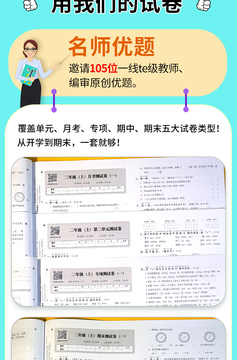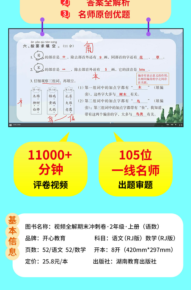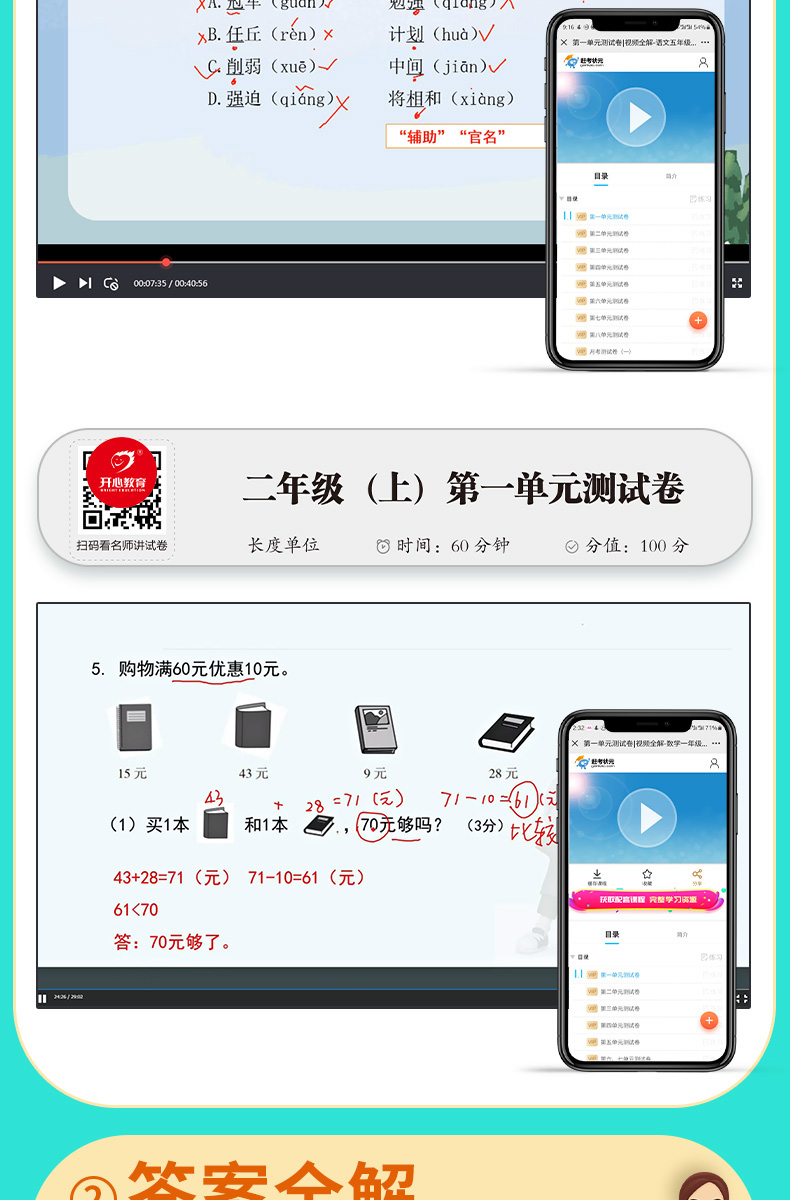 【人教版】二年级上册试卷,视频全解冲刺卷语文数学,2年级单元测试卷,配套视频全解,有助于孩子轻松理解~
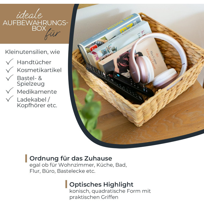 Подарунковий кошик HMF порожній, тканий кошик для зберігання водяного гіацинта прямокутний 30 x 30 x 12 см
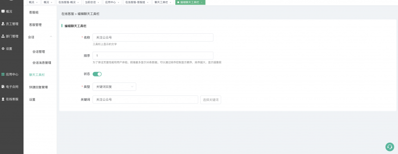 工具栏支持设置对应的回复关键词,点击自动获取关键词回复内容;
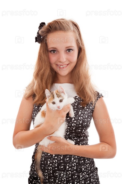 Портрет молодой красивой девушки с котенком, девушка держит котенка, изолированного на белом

## Your assignment
Transcribe every line from the one containing "Подарунковий кошик HMF" to the end of the listing, exactly and exclusively. Do not carry any picture over.

## Expected output
 Подарунковий кошик HMF порожній, тканий кошик для зберігання водяного гіацинта прямокутний 30 x 30 x 12 см
 工具栏支持设置对应的回复关键词,点击自动获取关键词回复内容;
 Портрет молодой красивой девушки с котенком, девушка держит котенка, изолированного на белом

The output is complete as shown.